Reg Thomas

Personal information
- Full name: Reginald George Thomas
- Date of birth: 2 January 1912
- Place of birth: Weymouth, Dorset, England
- Date of death: 16 March 1983 (aged 71)
- Place of death: Weymouth, Dorset, England
- Height: 5 ft 10 in (1.78 m)
- Position: Full-back

Youth career
- Weymouth Central School
- Weymouth Wolves
- Weymouth

Senior career*
- Years: Team / Apps / (Gls)
- 1930–1934: Southampton / 8 / (0)
- 1934–1935: Folkestone
- 1935–1936: Bath City
- 1936–1937: Guildford City
- 1937–1938: Sittingbourne
- 1938: Ashford Town
- 1938–1939: Dartford
- 1939: Margate

= Reg Thomas (English footballer) =

English footballer

Reginald George Thomas (2 January 1912 – 16 March 1983) was an English professional footballer who played as a full-back in the Football League for Southampton in the 1930s.

==Football career==
Ellison was born in Weymouth, Dorset and as a youth played for various clubs in his home town. In September 1930, he joined Southampton as an amateur, signing a professional contract in December.

Described as a "hard-tackling full-back", he was used as cover for long-serving Bill Adams. He spent most of his time with the Saints in the reserves, making 83 appearances in his four years at The Dell. His first-team debut came on 12 March 1932, when he took the place of Adams at right-back for the game against Bradford City, with Adams moving to the left in the absence of Arthur Roberts; the match was lost 1–0. Thomas retained his place for the next seven matches, before Charlie Sillett took over at left-back.

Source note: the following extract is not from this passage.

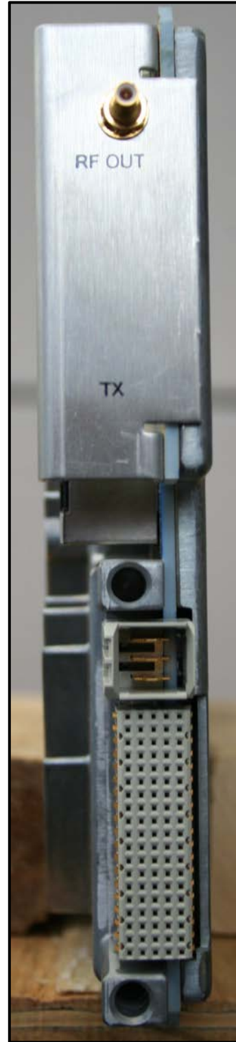
TX Module Back

Thomas remained with the Saints for another two years, although he never made another first-team appearance, but was confined to the reserves, for whom he made 83 appearances.

In the summer of 1934, Thomas left professional football to join the Metropolitan Police Service, turning out occasionally for various non-league clubs across southern England.